# Gutters



## 1stTimeAround (Sep 22, 2004)

Hey everyone,

I was cleaning the Outback yesterday, getting it ready for Mid Atlantic Rally this weekend and while cleaning the roof I noticed something interesting about my gutters.

#1. I have never liked them much because I don't think they have ever caught rain and sent it to the ends of the camper like they are supposed to.

#2. I have noticed that most of my black streaks start immediately under the gutter, as if water is actually coming from under the gutter.

#3. The awning appears to bend the gutter on that side of the camper, causing water to puddle,slightly, in the gutter on that side of the camper.

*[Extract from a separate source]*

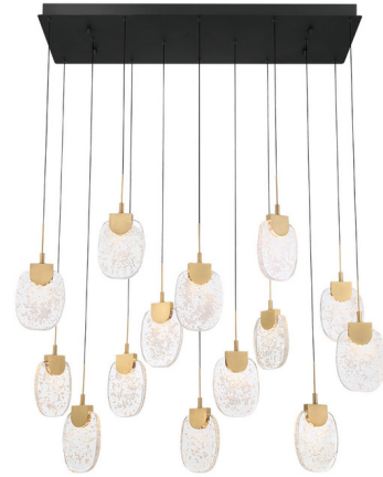
Shown in matte black / clear

LAMP LIFE . . . . . 20000 hours COLOR RENDERING . . . . . 90 CRI LAMP COLOR . . . . . 3000K LUMENS/WATT . . . . . 60.00 LUMINOUS FLUX . . . . . 4200 lumens

I have the gutter extensions and still have to deal with lots of black streaks. Got very frustrated yesterday because I didn't have time to really get them all taken care of, so I'll revisit them another day. Has anyone ever put a fine bead of silicon on the underside of the gutter? I thought maybe this would help.

Thanks!

Only 3 more days until I'm campin'!!!!






























Jason


----------



## nascarcamper (Jan 27, 2005)

I've noticed I have more problems on the slide side gutter. So far haven't been able to figure that one out. Mine is between the top of the slide and the gutter.


----------



## Thor (Apr 7, 2004)

I added gutter extensions - Streak - A - Way. They were cheap and work very well.

Anwing - I use wind flappers and put my awning on an angle to prevent word build-up.

Thor


----------



## W4DRR (May 17, 2005)

I get some streaks too, but mostly because those gutters can channel away, maybe a hard drizzle at best. They are way too small for a good old fashioned Georgia downpour (a "Toad Strangler" in Texas). They simply overflow down the side. Plus, it doesn't take much in the way of debris to clog them up. The trees in my yard seem like they are shedding something four seasons of the year, and I am constantly having to clean the gutters out to slow down the streaking.

Bob


----------